What is needed is an exact repetition of the lines below, from the first one through the one holding "鐵道收藏品:(1)1981年", with no pictures and nothing else.
--- Provided entries Enclosed Below ---
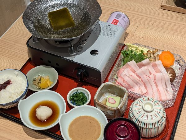 福岡・糸島ブランドの豚肉2種(ロースとバラ)を使用した「糸島豚しゃぶ膳」(3850円)。
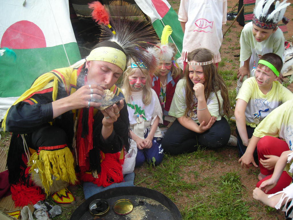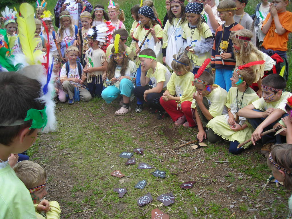 Tato škola v přírodě byla v indiánském duchu. Vyráběli jsme totem, zbraně a lovili jsme různá zvířata. Každý večer jsme na indiánském potlachu přivolávali Šamana. Poslední den za námi přijeli opravdoví Indiáni a učili nás různé tance, ukázali nám opravdové teepee.
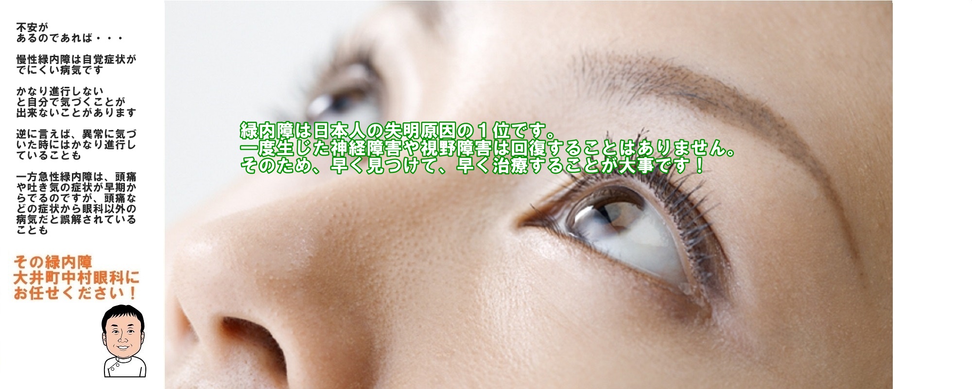 自分で気付きやすいものから、気付きにくいものまでいろいろなタイプの緑内障があります。
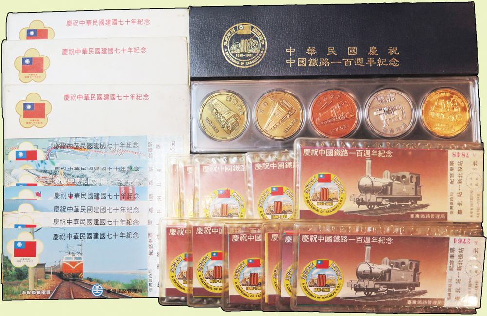 鐵道收藏品:(1)1981年慶祝中華民國建國七十週年紀念車票7張乙套,共3套,附原封套,未使用;(2)中華民國慶祝中國鐵路100周年紀念章,5枚乙套,原盒裝,美品;另其紀念車票10張乙套,共10套,另有9張缺1張成套,均未使用,附國防部承印塑套
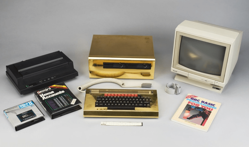 Figure 4. A Prize Gold-Plated BBC Micro for the accompanying magazine, 1985.
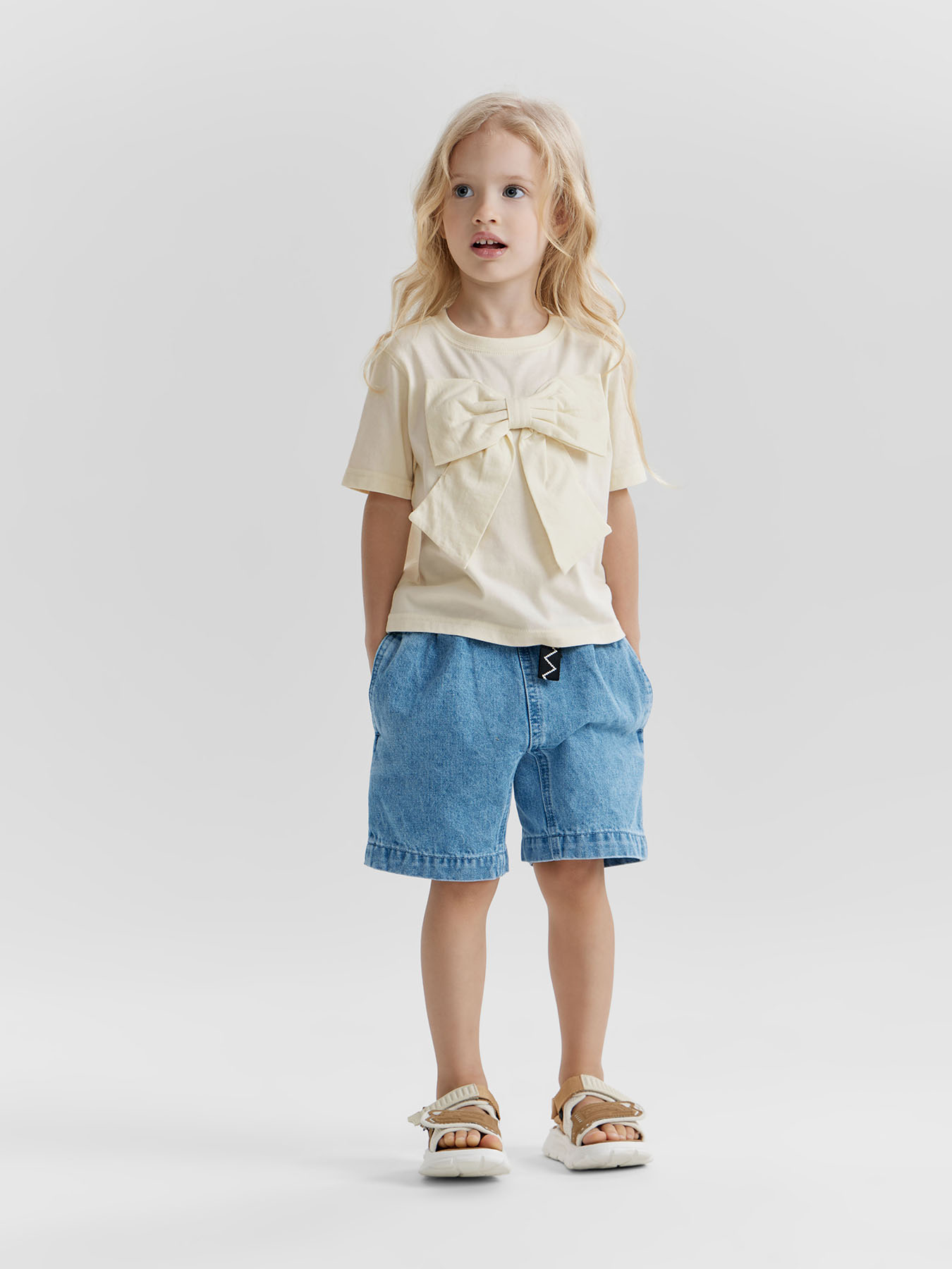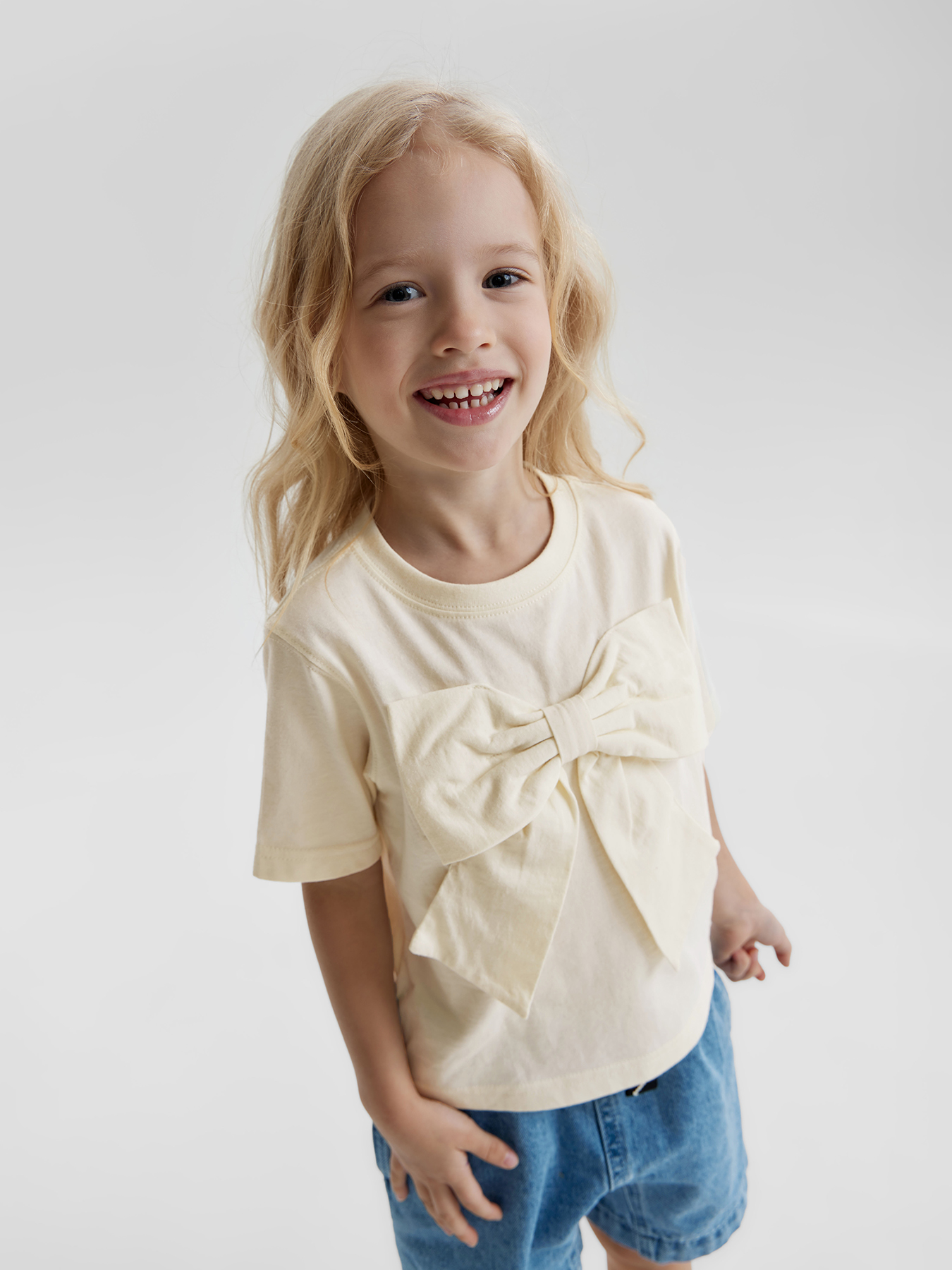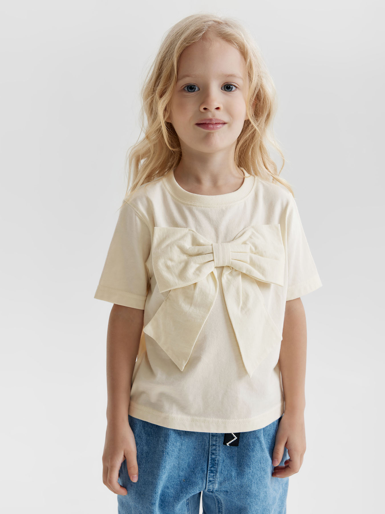 Классическая футболка становится акцентом в гардеробе благодаря украшению из банта в тон. Такой предмет легко вписать в гардероб, составляя комплекты в разных стилях. Сшита из 100% хлопка. Приятный материал дышит и дарит комфорт в течение всего дня. Горловина укреплена и не вытягивается. Футболка выдерживает множество стирок, сохраняя форму и цвет.
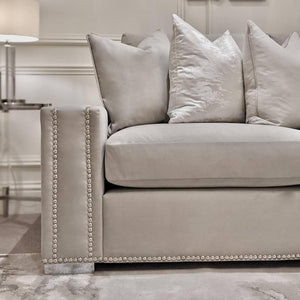We provide this sofa in a beautiful charcoal plush grey fabric, contrasted by the silver-toned studs which give the sofa a beautifully traditional plush-style twist. The chesterfield arm design has been decorated with tufts to give you eye-catching attention to the detailing. Ray Furniture have specifically focused on comfort to accompany the intricate design. Comes with fibre-filled back cushions and foam-filled seating cushions to keep you cosy while maintaining the highly luxurious style.
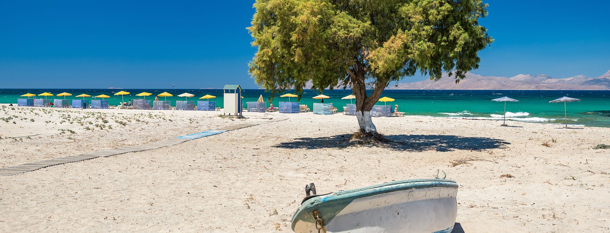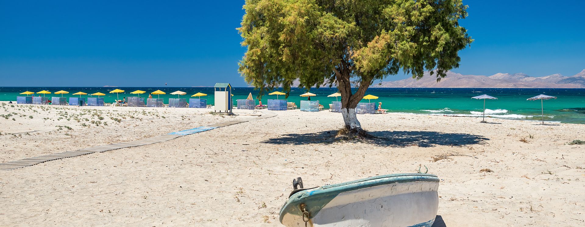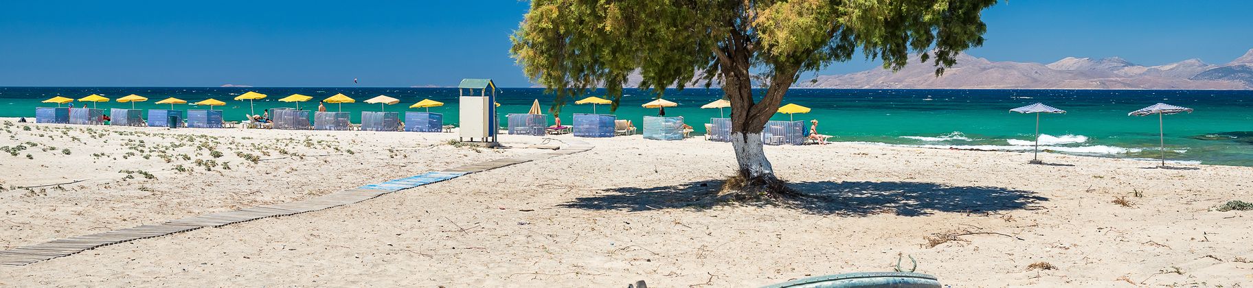 Die typische Badeferiensiedlung ca. 14 km von Kos-Stadt besteht praktisch nur aus einer einzigen Strasse mit vielen Tavernen, Geschäften und Pubs.
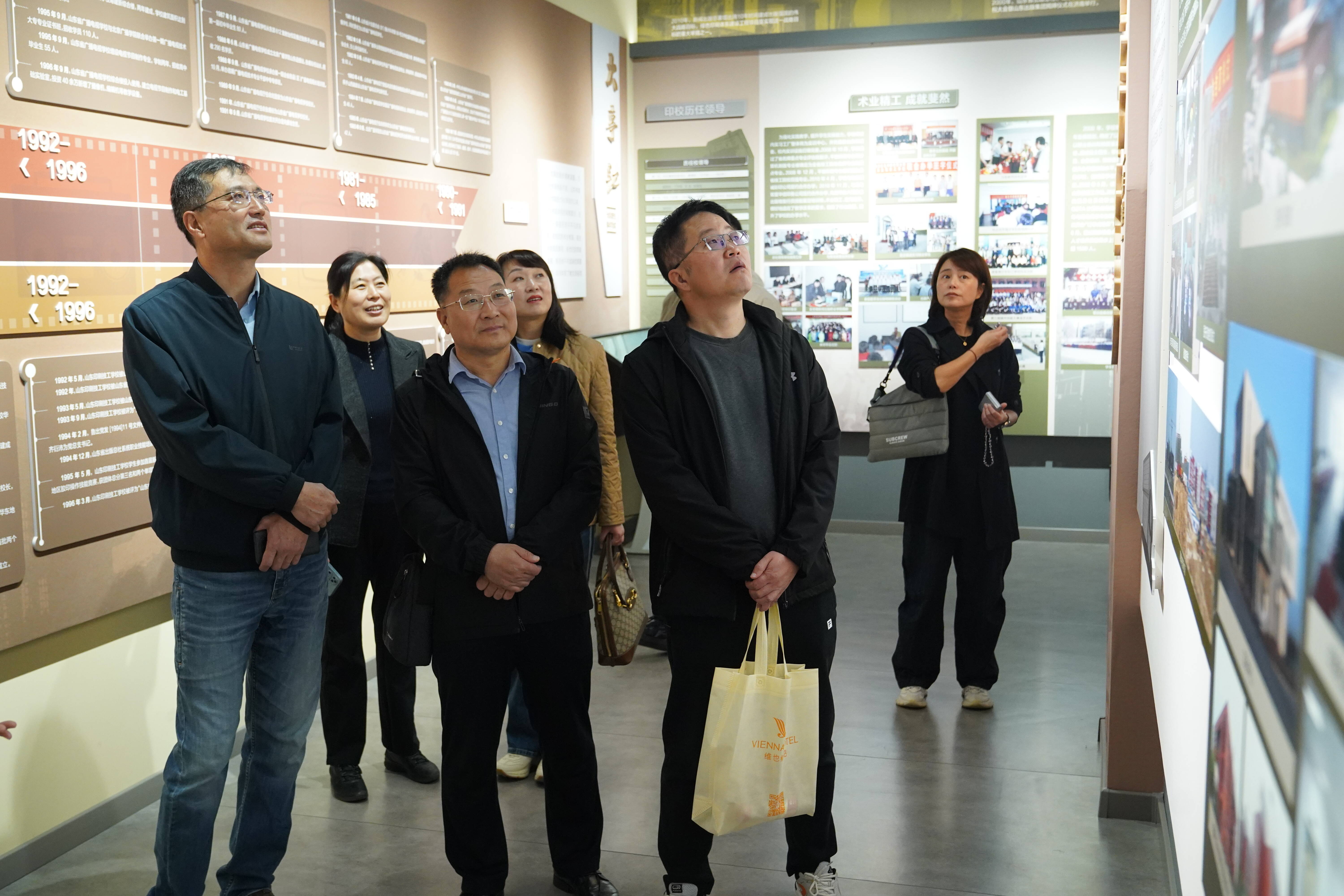 吴章鑫校长一行首先参观了我院校史馆,深入了解学院发展历程,随后前往产教融合中心参观了“新质领航艺强国 六十五载续华章”艺术展。
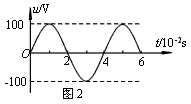 1、选择题 如图,是某种正弦式交变电压的波形图,由图可确定该电压的( ? )
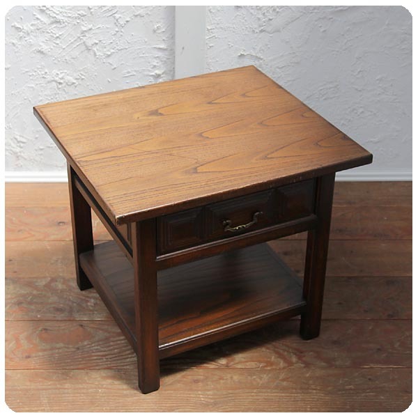 - イギリス アンティーク調 引き出し付きローテーブル 木製 コーヒーテーブル 家具「ドロワー付」P-449
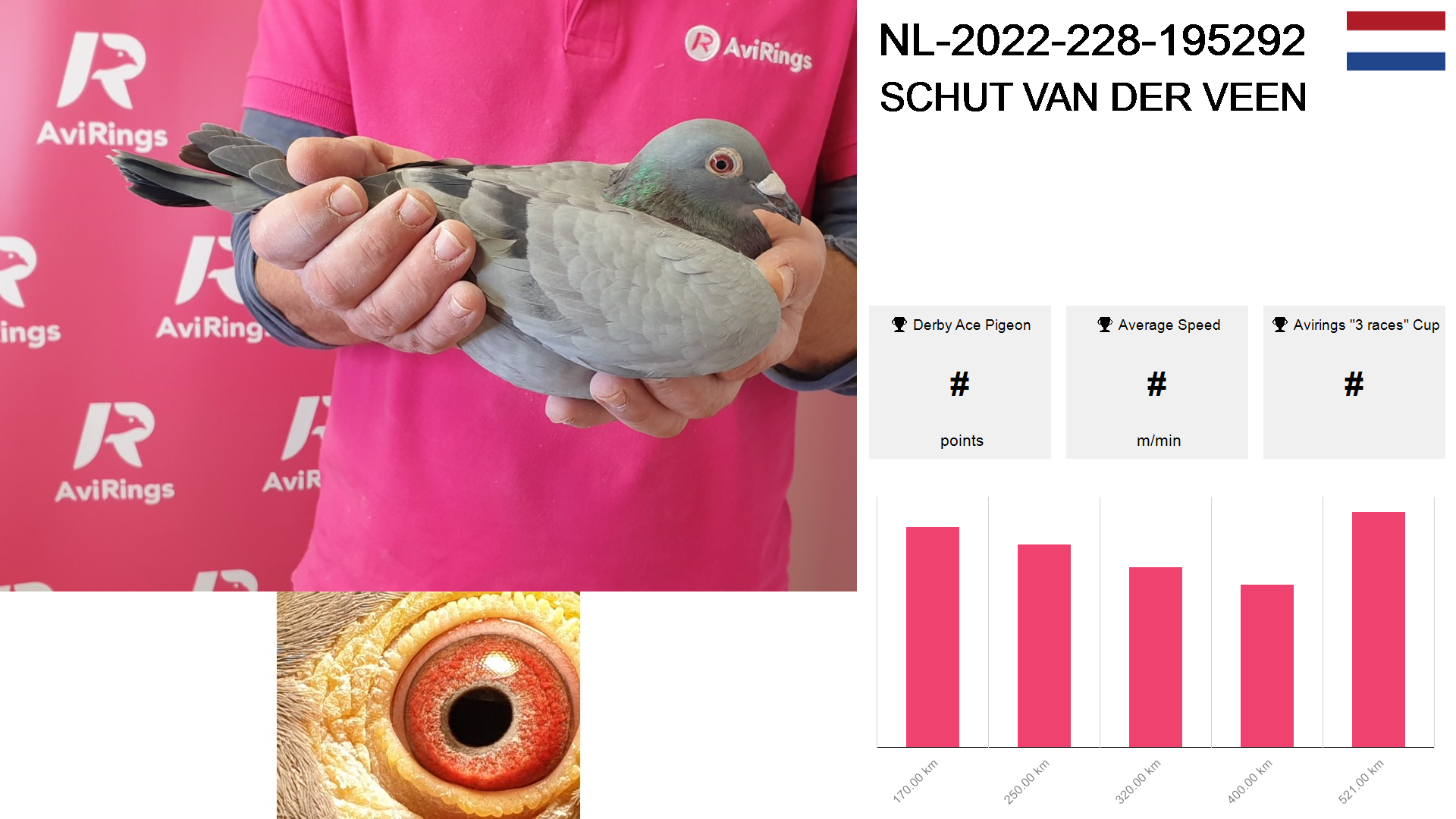 | Race | Position | Number of pigeons | Percent | Speed | Distance |
--- End of Enclosed Provided entries ---
— Task solution —
 福岡・糸島ブランドの豚肉2種(ロースとバラ)を使用した「糸島豚しゃぶ膳」(3850円)。
 Tato škola v přírodě byla v indiánském duchu. Vyráběli jsme totem, zbraně a lovili jsme různá zvířata. Každý večer jsme na indiánském potlachu přivolávali Šamana. Poslední den za námi přijeli opravdoví Indiáni a učili nás různé tance, ukázali nám opravdové teepee.
 自分で気付きやすいものから、気付きにくいものまでいろいろなタイプの緑内障があります。
 鐵道收藏品:(1)1981年慶祝中華民國建國七十週年紀念車票7張乙套,共3套,附原封套,未使用;(2)中華民國慶祝中國鐵路100周年紀念章,5枚乙套,原盒裝,美品;另其紀念車票10張乙套,共10套,另有9張缺1張成套,均未使用,附國防部承印塑套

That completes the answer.